Antarctica and Greenland were treated independently, supported by the different model performance across the ensemble. A different set of models was selected for Greenland and Antarctica, suggesting model performance varies in polar regions of different hemispheres. However, with respect to future warming, it is reasonable to expect some degree of interhemispheric correlation in warming (e.g., due to a high AOGCM climate sensitivity). It is unclear how this inter-ice-sheet independence assumption could influence sea level projections, as it depends upon the response of surface mass balance (SMB) and changes in ice flux of the different ice sheets.
Using aggregated measures of present-day performance and future climate changes, we selected six AOGCMs as adequate and representative of future near-ice-sheet warming pathways. This ensemble size was judged to be reasonable for ISMIP6, given computational limitations and the goal to sample different sources of uncertainty (e.g., model, RCP scenarios, parameterizations, parameters values). However, given the many degrees of freedom across the evaluation metrics, it is difficult to select a fully representative sample. Some limitations of the sample size are apparent, notably the nonuniform distribution across parameters (e.g., no low ocean warming sampled). Furthermore, the models selected are not structurally independent. For example, HadGEM2-ES and ACCESS1-3 share a common Hadley Centre atmospheric model, while NorESM1 and CCSM4 share the NCAR Community Atmospheric Model. Such interdependence may limit the diversity of forcing applied to ISMIP6 models. We do note that even if ISMIP6 had the ability to evaluate all available CMIP5 AOGCMs, issues with statistical sampling and diversity of CMIP models, code similarities/independence, and quality would persist (Knutti et al., 2013; Sanderson et al., 2015a, b). Future model evaluation studies may invert the process used here, i.e., objectively assess the appropriate number of models to achieve sufficient diversity in forcing.

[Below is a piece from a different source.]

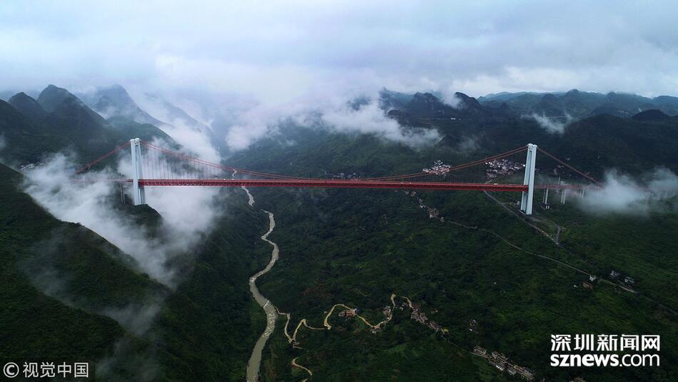 當日,杭瑞高速貴州省畢節(jié)至都格(黔滇界)公路北盤江大橋上云霧繚繞,美景如畫。北盤江大橋主橋跨徑720米,橋面到谷底垂直高度565米。

Finally, we emphasize that evaluation is only a first step to a better process-based understanding of the differences between models. It is critical to assess the processes that make models (or model families) perform better or project climate warming at different rates. We invite modeling groups or researchers interested in examining these to trace back the source of the bias in individual models or across the larger ensemble.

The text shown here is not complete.